→ **ASSIGNMENT**: The full listing is to be transcribed exactly, with each picture left out.

→ **STORED DATA**:
▽
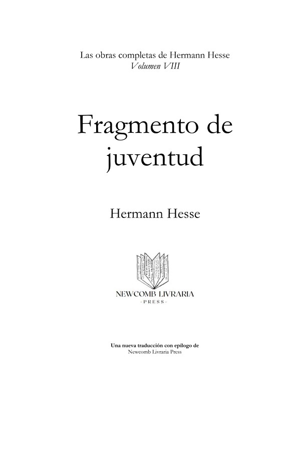 Una nueva traducción del Fragmento de juventud (Fragment aus der Jugendzeit) de Hesse de 1907. Esta edición contiene además un epílogo del traductor, un glosario filosófico de conceptos utilizados por Hesse y una cronología de su vida y obra. Hesse obtuvo el Premio Nobel de Literatura en 1947. También recibió el Premio Goethe de Fráncfort en 1946 y el Premio de la Paz de los Libreros Alemanes en 1955. El «Fragmento de juventud» de Hesse se publicó en el Neue Zürcher Zeitung en 1907.
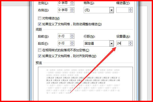 4、在设置值一栏中输入24,行间距即被设置为24磅。
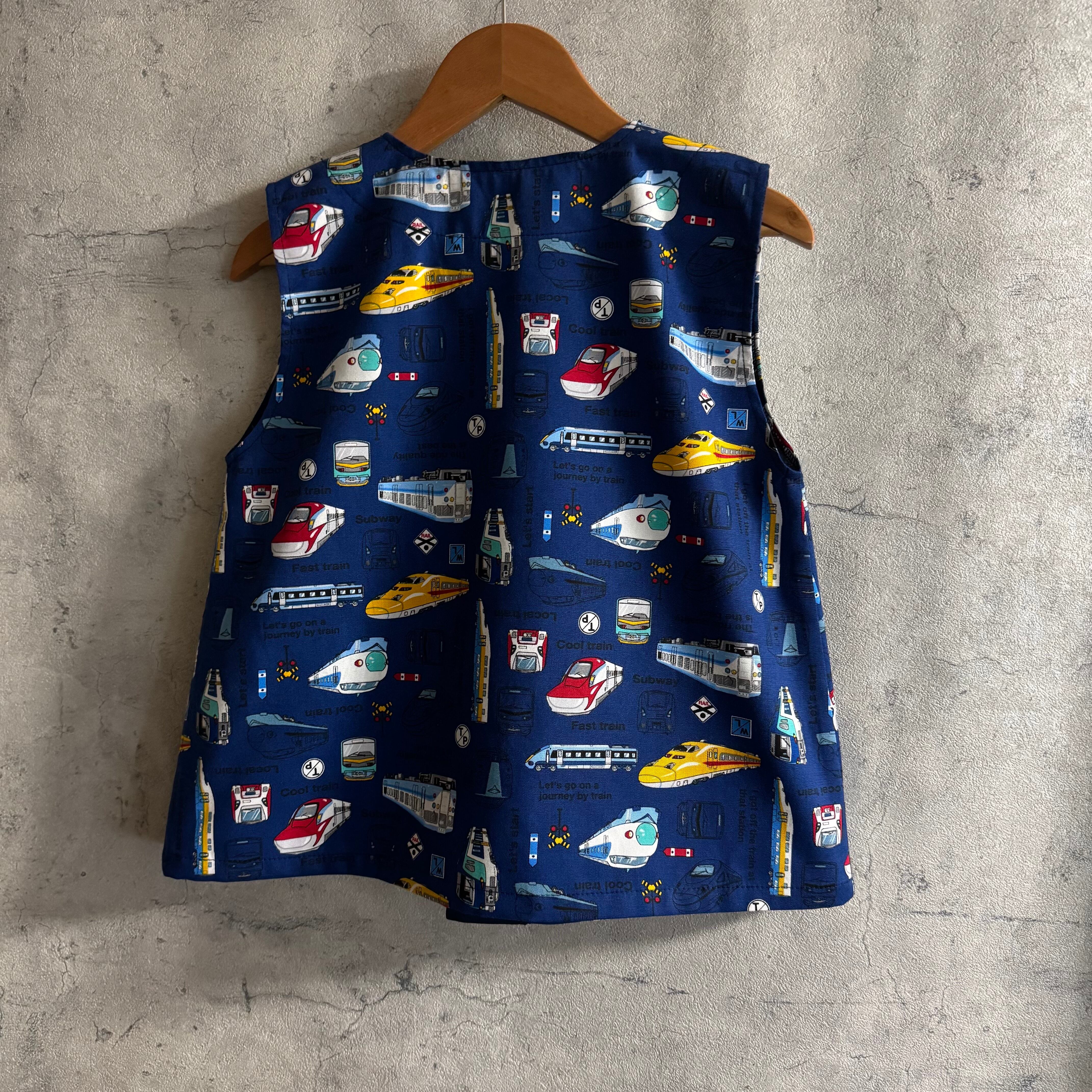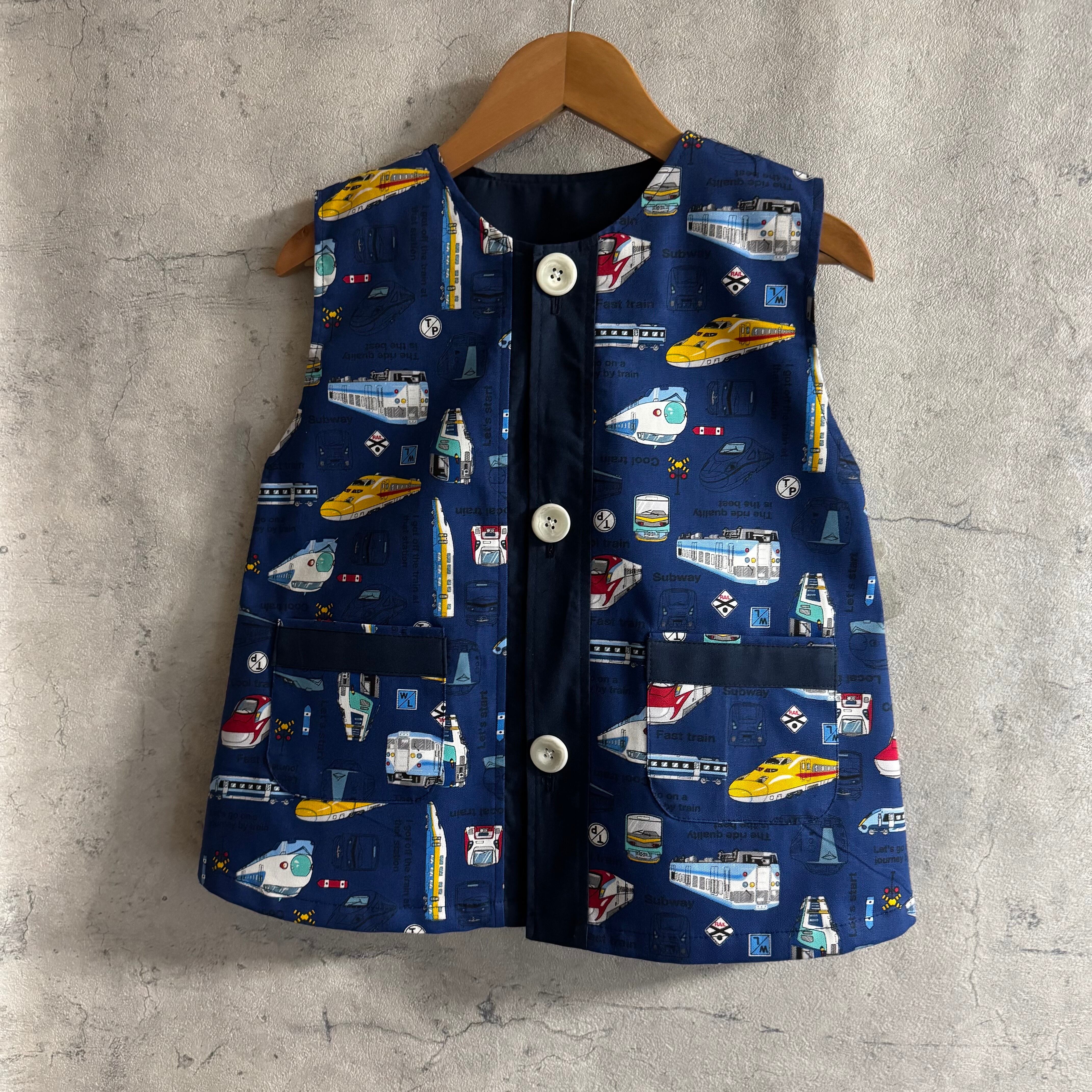 【即納120/受注80〜150】新幹線 電車 ネイビー 前ボタン 袖なしスモック ポケット上部切替
△
→ **WRITTEN RESPONSE**:
 Una nueva traducción del Fragmento de juventud (Fragment aus der Jugendzeit) de Hesse de 1907. Esta edición contiene además un epílogo del traductor, un glosario filosófico de conceptos utilizados por Hesse y una cronología de su vida y obra. Hesse obtuvo el Premio Nobel de Literatura en 1947. También recibió el Premio Goethe de Fráncfort en 1946 y el Premio de la Paz de los Libreros Alemanes en 1955. El «Fragmento de juventud» de Hesse se publicó en el Neue Zürcher Zeitung en 1907.
 4、在设置值一栏中输入24,行间距即被设置为24磅。
 【即納120/受注80〜150】新幹線 電車 ネイビー 前ボタン 袖なしスモック ポケット上部切替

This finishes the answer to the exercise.